The authors successfully adapt the ED-DRAP (Encoder-Decoder Deep Residual Attention Prediction) network, demonstrating that its architecture, particularly the spatial and sequential attention mechanisms, is superior to other spatio-temporal models like ConvLSTM and PredRNN for this specific task. The introduction of a composite loss function combining Cross-Entropy and Dice Loss, with an optimally tuned parameter, effectively addresses the severe class imbalance (only 1% lightning pixels on average) and contributes to the excellent calibration scores.
Overall the work is well done, but I have some concerns which if addressed can strengthen the results of the paper:
1) Since the models were trained separately for each forecast horizon, there can be concerns of incoherent forecasts between different forecast horizons. The authors should provide some discussion or visualizations on how the forecasts look between different timestamps.2) Was the evaluation dataset fixed for the different models per forecast horizon or was the 30% chosen separately for each horizon?

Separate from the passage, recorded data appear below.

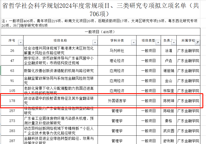 在最近公布的省哲学社会科学2024年度规划项目立项名单中,beat365唯一官方网站的陈树坤博士申报的《政治话语中的投射语言特征及其外宣翻译研究》项目脱颖而出,成功获得立项。
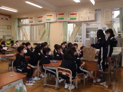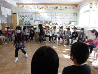 朝、読み聞かせをしている子供の様子です。気持ちを込めて読んだり、ふりを付けたりして、楽しくなるように工夫しています。
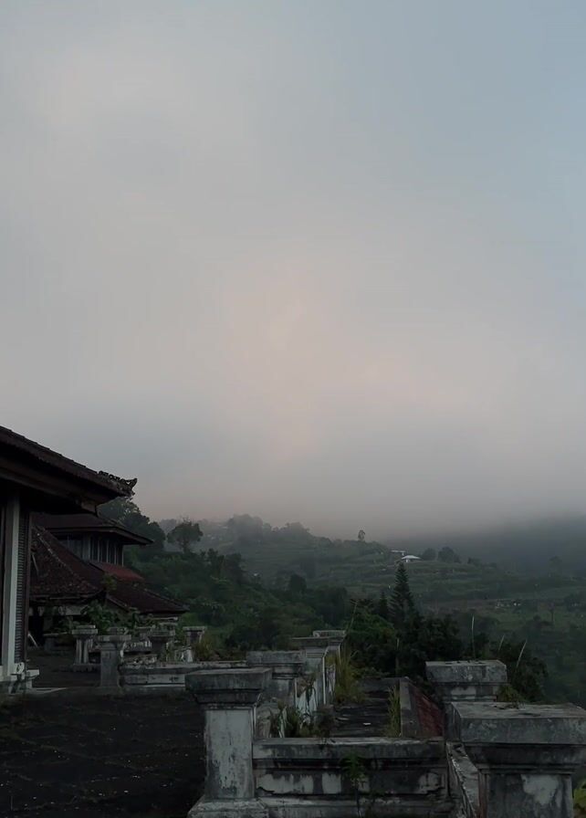 misty mountain landscape viewed from a dilapidated building's balcony
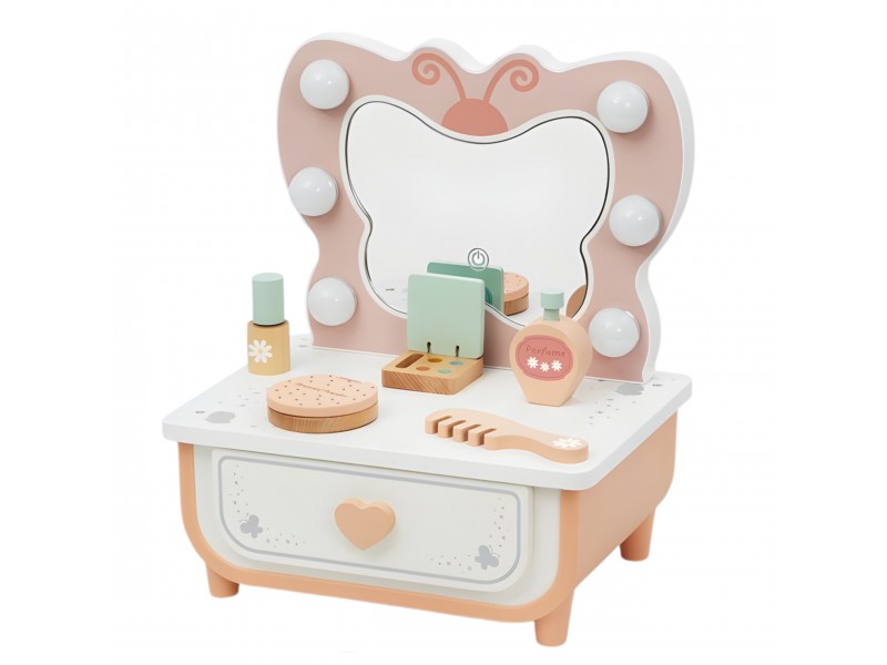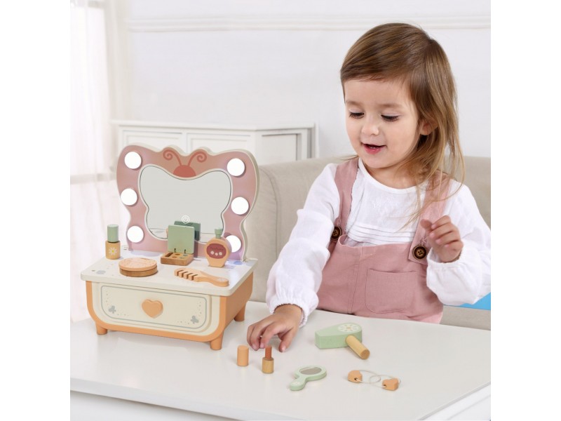 Medinis kosmetinis staliukas | Su LED veidrodžiu ir priedais | Tooky Toy TP528

3) The training / evaluation dataset seems quite small, this also shows in the results as the results are quite jumpy from one forecast horizon to another. I wonder if there was any overfitting also due to this.
4) To overcome the concerns around a small training / validation dataset, it might be interesting to see if the results generalize to a different part of CONUS - likely keeping the latitude boundaries the same but shifting the longitude bounding box more to the west. If the model yields good evaluation results trained over the Gulf of Mexico but evaluated over a different region the results might be more robust.
5) It would be good to discuss the results separated by diurnal cycles and any peaks through the day / hours of the day.
6) The authors state they selected the 13th band of the ABI sensor (infrared at 10.3mu ) because it is "more sensitive to cloud classification". While this band's Brightness Temperature (BT) is correlated with high cloud tops (cumulonimbus), the argument for selecting only this single band out of 16 is not fully explored. The addition of other relevant channels (e.g., water vapor channels) could provide complementary information about the atmospheric column. The authors could at least outline any restrictions they faced in incorporating other bands.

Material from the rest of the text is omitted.